About this task
The expected result is an exact copy of the lines from the one holding "男性向けラノベタイトル風あだ名 | 『やはりフィリスの青春ラブコメはまちがっている 』 |" to the last line of the material, with pictures removed and nothing added.

Recorded data
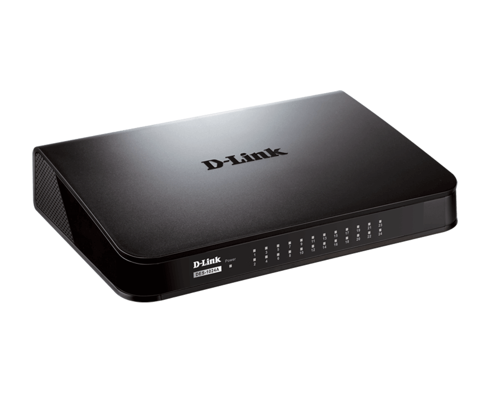 The DES-1024A 24-Port 10/100 Switch offers an economical way for SOHO and small to medium businesses (SMB) to benefit from fast speed networking. It provides sixteen ports for easy expansion of your network and a quick way to upgrade your network to Fast Ethernet connectivity.
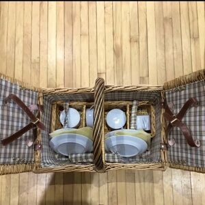 ✨HOST PICK✨ Vintage Stylish Cool Wicker Picnic Basket Dish Set - Never Used 🧺✨
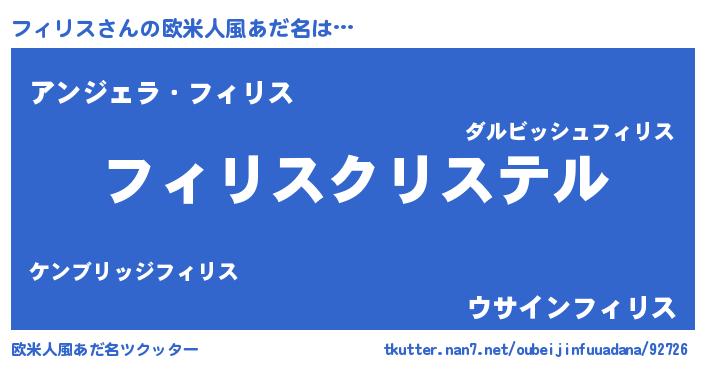 | 男性向けラノベタイトル風あだ名 | 『やはりフィリスの青春ラブコメはまちがっている 』 |
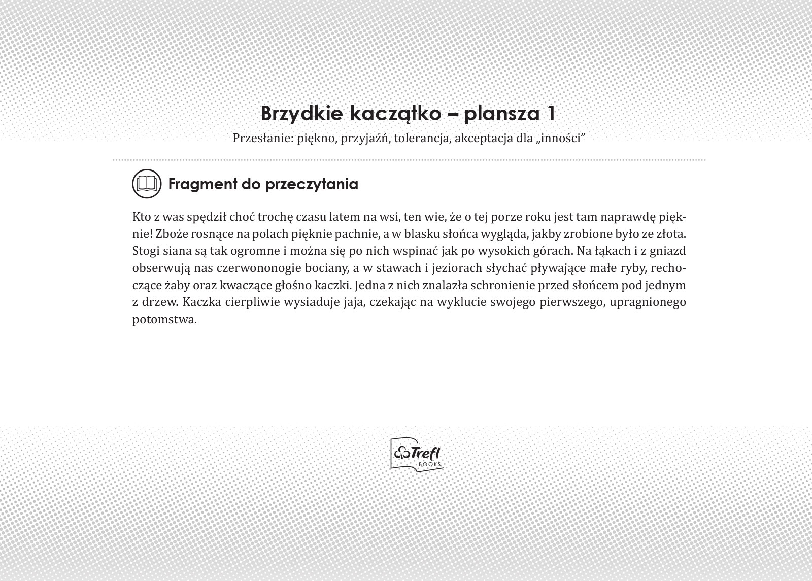 Ach, jak wspaniale czuła się pani kaczka, gdy wygrzewając się w słońcu, wśród pięknej zieleni, wysiadywała jaja, czekając na swoje pierwsze potomstwo. Kiedy większość skorupek pękła, a malutkie kaczuszki ujrzały świat, mama przywitała je z wielką miłością. Jedno kaczątko wyglądało jednak trochę inaczej i wciąż słyszało od innych, że jest brzydkie i nigdzie nie pasuje. Pewnego dnia zupełnie przypadkiem dostrzegło w wodzie swoje własne odbicie. Od tej chwili wszystko zmieniło się na lepsze. Z tej bajki przedszkolaki dowiedzą się też najważniejszego – że każdy jest piękny taki, jaki jest, i wcale nie musi pasować do innych.

Exercise answer
 | 男性向けラノベタイトル風あだ名 | 『やはりフィリスの青春ラブコメはまちがっている 』 |
 Ach, jak wspaniale czuła się pani kaczka, gdy wygrzewając się w słońcu, wśród pięknej zieleni, wysiadywała jaja, czekając na swoje pierwsze potomstwo. Kiedy większość skorupek pękła, a malutkie kaczuszki ujrzały świat, mama przywitała je z wielką miłością. Jedno kaczątko wyglądało jednak trochę inaczej i wciąż słyszało od innych, że jest brzydkie i nigdzie nie pasuje. Pewnego dnia zupełnie przypadkiem dostrzegło w wodzie swoje własne odbicie. Od tej chwili wszystko zmieniło się na lepsze. Z tej bajki przedszkolaki dowiedzą się też najważniejszego – że każdy jest piękny taki, jaki jest, i wcale nie musi pasować do innych.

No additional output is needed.